טכניון מכון טכנולוגי לישראל
הטכניון מכון טכנולוגי לישראל - בית הספר ללימודי מוסמכים  
M.Sc Thesis
M.Sc StudentAzriel Leonid
SubjectPeripheral Memory: Analysis of its Impact on Performance of
a General Purpose Computer System
DepartmentDepartment of Electrical Engineering
Supervisors Professor Emeritus Uri Weiser
Professor Avi Mendelson
Full Thesis textFull thesis text - English Version


Abstract

“Memory wall” has always been a major reason for limiting the performance of computer systems. While in the past latency was the major concern, today, lack of bandwidth becomes a limiting factor as well, mainly as a result of increasing the number of cores per die and threads per core, which intensifies the pressure on the memory bandwidth. In such an environment, any additional traffic on memory bus, such as the I/O data traffic may lead to significant degradation of the overall performance of the system.

The first part of this work presents an analysis of I/O traffic impact on the overall performance of current systems. The measurements presented here, were taken from high performance server system as well as from full-system simulator. We demonstrate that I/O data occupies major part of memory bandwidth in certain applications as a result, degrading their performance and increasing the energy waste.

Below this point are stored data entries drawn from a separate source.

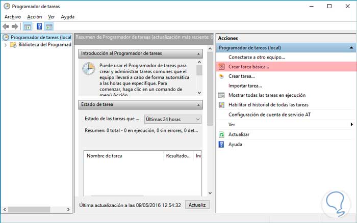 Ahora selecciona Crear tarea básica en el menú de la derecha que encontrarás.
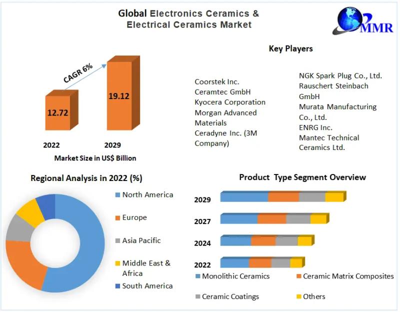 Forecast Increase in Revenue:Electronics Ceramics & Electrical Ceramics Market was valued at USD 12.72 Bn in 2022, and it is expected to reach USD 19.12 Billion by 2029, exhibiting a CAGR of 6 % during the forecast period (2023-2029)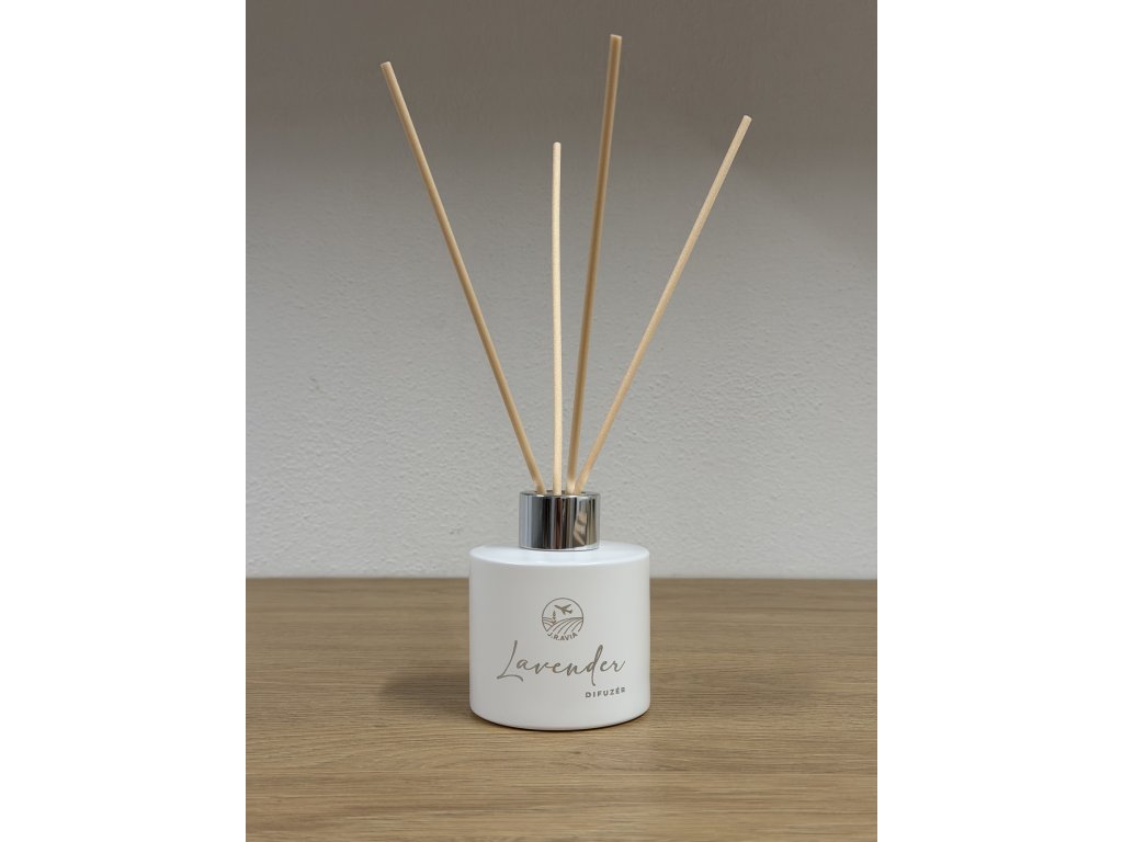 Levanduľový difuzér s drevenými tyčinkami – prírodná vôňa z farmy J.R.Avia
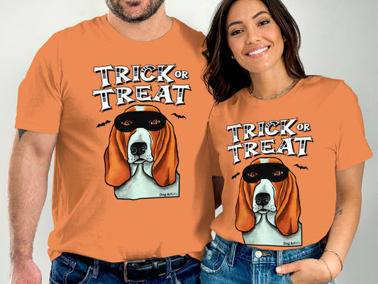 Basset Hound Wearing Mask Trick or Treat Halloween Funny Unisex T-Shirt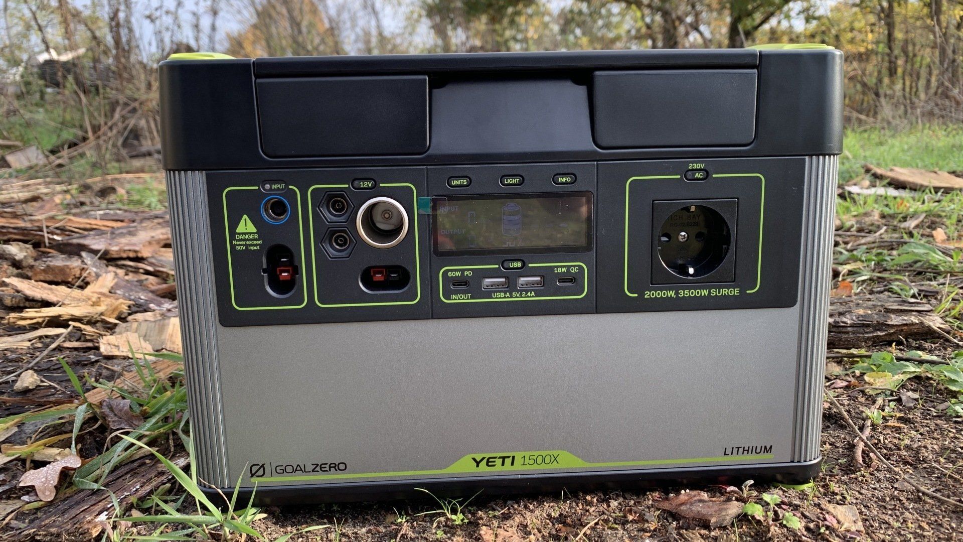 Hochleitungs-Akku von Goal Zero mit Lithium-Ion NMC Akku, MPPT-Laderegler, Digitalanzeige und 2kW Sinus-Wechselrichter. Dieses portable Setup bietet 1.516 Wh Speicherkapazität und versorgt unterwegs Verbraucher wahlweise über USB, 12V DC und 220V AC Anschluß (Schuko-Steckdose).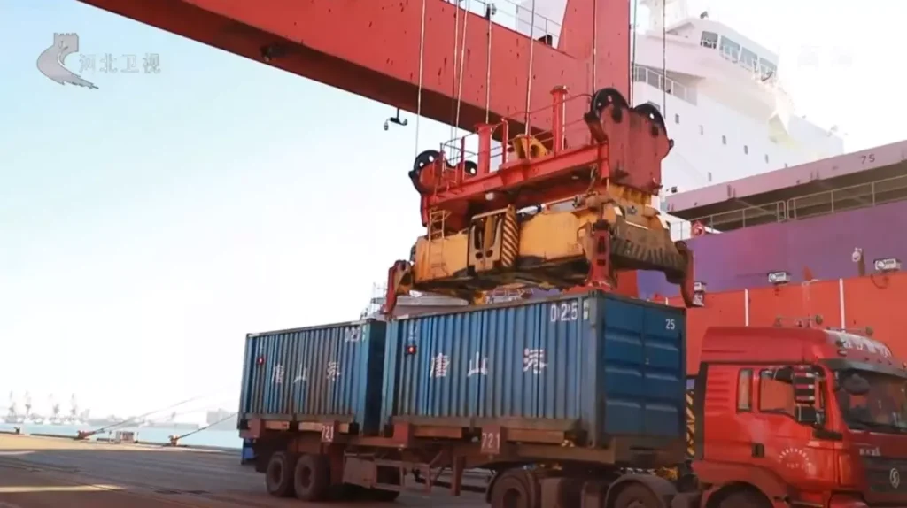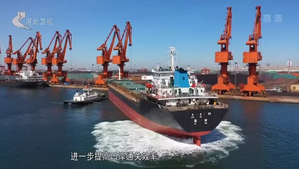 On April 25, 2023, a batch of 47,900 tons of ammonium sulfate fertilizer destined for Brazil was being loaded onto a cargo ship by staff in the Jingtang Port area of Tangshan Port under the supervision mode of “arrival direct loading” implemented by Jingtang Port Customs.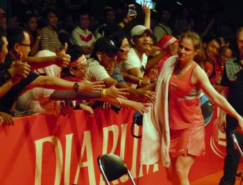 インドネシアオープンSSプレミア準決勝、女子シングルスでドイツのユリアン・シェンク選手がこの大会、2009、10、12年と3度の優勝をほこるインドのサイナ・ネワル選手に逆転勝ちし、決勝進出を決めた。ドイツバドミントン協会(DVB)との確執から、ナショナルチームを離れる決断を下すに至った、ここ数週間に起きた出来事を踏まえ、シェンク選手は試合後、開口一番、「今の感情を表現するのは難しい」と述べた上で、今もサポート、応援してくれる国内外の人に対する感謝の言葉を口にした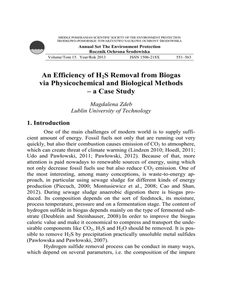 MIDDLE POMERANIAN SCIENTIFIC SOCIETY OF THE ENVIRONMENT PROTECTION ŚRODKOWO-POMORSKIE TOWARZYSTWO NAUKOWE OCHRONY ŚRODOWISKA Annual Set The Environment Protection Rocznik Ochrona Środowiska Volume/Tom 15. Year/Rok 2013 ISSN 1506-218X 551–563 An Efficiency of H2S Removal from Biogas via Physicochemical and Biological Methods – a Case Study Magdalena Zdeb Lublin University of Technology 1. Introduction One of the main challenges of modern world is to supply sufficient amount of energy. Fossil fuels not only that are running out very quickly, but also their combustion causes emission of CO2 to atmosphere, which can create threat of climate warming (Lindzen 2010; Hoedl, 2011; Udo and Pawłowski, 2011; Pawłowski, 2012). Because of that, more attention is paid nowadays to renewable sources of energy, using which not only decrease fossil fuels use but also reduce CO2 emission. One of the most interesting, among many conceptions, is waste-to-energy approach, in particular using sewage sludge for different kinds of energy production (Piecuch, 2000; Montusiewicz et al., 2008; Cao and Shan, 2012). During sewage sludge anaerobic digestion there is biogas produced. Its composition depends on the sort of feedstock, its moisture, process temperature, pressure and on a fermentation stage. The content of hydrogen sulfide in biogas depends mainly on the type of fermented substrate (Deublein and Steinhauser, 2008).In order to improve the biogas caloric value and make it economical to compress and transport the undesirable components like CO2, H2S and H2O should be removed. It is possible to remove H2S by precipitation practically unsoluble metal sulfides (Pawłowska and Pawłowski, 2007). Hydrogen sulfide removal process can be conduct in many ways, which depend on several parameters, i.e. the composition of the impure 552 Magdalena Zdeb gas, its pressure and temperature, sort and concentration of pollutants. Physical and chemical methods are regarded as less efficient because of high operating costs and high chemicals prices. Moreover, there are problems with byproducts of reactions disposal. The advantages of biological processes are low required capitals and absence of negative effects on atmosphere. One of the main factors influencing the biological process efficiency is temperature. Effective removal of most odours occurs in temperature range 20–40oC (Bohn, 1992; Yang and Allen, 1994; Zdeb and Pawłowska, 2009). In case of hydrogen sulfide, sometimes it is difficult to define what kind of elimination process occurs. The problem of H2S removal process nature was studied in few articles, but still is worth further examinations (Pawłowska et al., 2009). Suming up, biological methods seems to be the most attractive from other methods of odours removal. The wastewater treatment plant “Hajdów”near Lublin (Poland) is a mechanically-biological unit with an average daily flow about 60 000 m3/day. It produces 100 tons of mechanically dewatered sludge per day. The sewage sludge digestion is conducted at anaerobic digestors (each with a volume of 8 270 m3). As a result of a fermentation process, biogas containing some amounts of hydrogen sulfide is produced. The aim of this paper was to compare the efficiency of H2S removal from biogas conducted on the bog iron ore and in biological desulfurization station placed at the wastewater treatment plant “Hajdów”. 2. Materials and methods 2.1. Characteristic of biological desulfurization station In order to achieve an aim of the study, the data of 8 months’ time measurements conducted on the biological desulfurization station at the wastewater treatment plant “Hajdów” were analyzed. The station, working as a biotrickling filter for hydrogen sulfide removal, was examined in order to evaluate its desulfurization efficiency. A scheme of the station is presented in Fig. 1. The desulfurization installation replaced a bog iron ore, which was removed especially because of economical reasons. The raw bog iron ore costs and problems with spent material disposal were the most important negative factors resulted in such a decision. The measurements began when currently working setup started to operate, that is at the end of June 2008. An Efficiency of H2S Removal from Biogas via Physicochemical… 553 Fig. 1. Scheme of desulfurization station designed and constructed by AAT Abwasser und Abfalltechnik GmbH: 1 – biogas contaminated with hydrogen sulfide, 2 – air stream, 3 – desulfurization tower, 4 – H2S free biogas, 5 – process water, 6 – supernatant, 7 – flushing liquid, 8 – heat exchanger (AAT-Biogas Technology) Rys. 1. Schemat stacji desulfuryzacji zaprojektowanej i wykonanej przez AAT AbwasserundAbfalltechnik GmbH: 1 – biogaz zanieczyszczony siarkowodorem, 2 – strumień powietrza, 3 – wieża odsiarczalni, 4 – biogaz pozbawiony siarkowodoru, 5 – woda procesowa, 6 – roztwór płuczący, 7 – popłuczyny, 8 – wymiennik ciepła (AAT-Biogas Technology) The desulfurization tower (95 m3 volume) is made of polypropylene and filled with commercially available pall rings. Plastic pall rings serve as a large surface area basis for microbial growth and immobilization. The sulfur-oxidizing bacteria Thiobacillus (thiooxidans and thioparus) and Sulfolobus, are responsible for the biological hydrogen sulfide oxidation. There are extra media supplied to improve the H2S decomposition. The supernatant solution and small amount of fresh water (process water) are added mainly to flush the pall rings from sulfur and to provide the adequate moisture, pH and supply for the bacteria. The nutrients solution for the bacteria in a mineral fertilizer form is supplied continuously during day. Moreover, the nutrients solution is used as a pH level buffering factor. Warm water is lead to the system as a source of heat in order to maintain operating temperature on required level (28 to 32°C). The flushing liquid is brought in order to wash out H2S oxid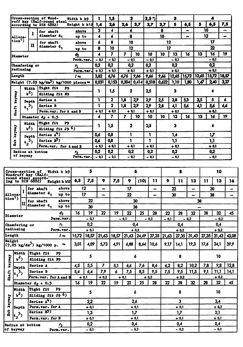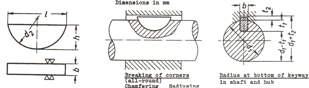 Drive-type fastenings without taper action-Woodruff keys-Dimensions and application

We show that CPU power consumption is increased as a result of I/O traffic.

 In the second part of this work, we introduce the concept of Peripheral Memory, a software controlled memory that resides in I/O domain and can efficiently be used for offloading I/O traffic from CPU memory. The Peripheral Memory is designated to take care of ‘I//O Exclusive data’, data that is originated and consumed by I/O domain and not demanded for processing by CPU.  Using the gem5 full-system simulator, we show that in certain applications, I/O Exclusive data can constitute up to 90% of memory bandwidth.

We use the full system simulator to model the Peripheral Memory and show potential performance improvement it can provide for I/O intensive applications. We evaluate different configurations and show that non-coherent split traffic Peripheral Memory configuration is the most efficient for typical I/O intensive application. This configuration can provide speedup of up to 4 times in I/O data transfer rate comparing to the method that current applications use for dealing with I/O data. Finally, we propose an analytical model for calculating contribution of the Peripheral memory to system power consumption. Combining the model with measurements we show that the Peripheral Memory can provide reduction of tens of Watts in system power consumption for I/O intensive workloads.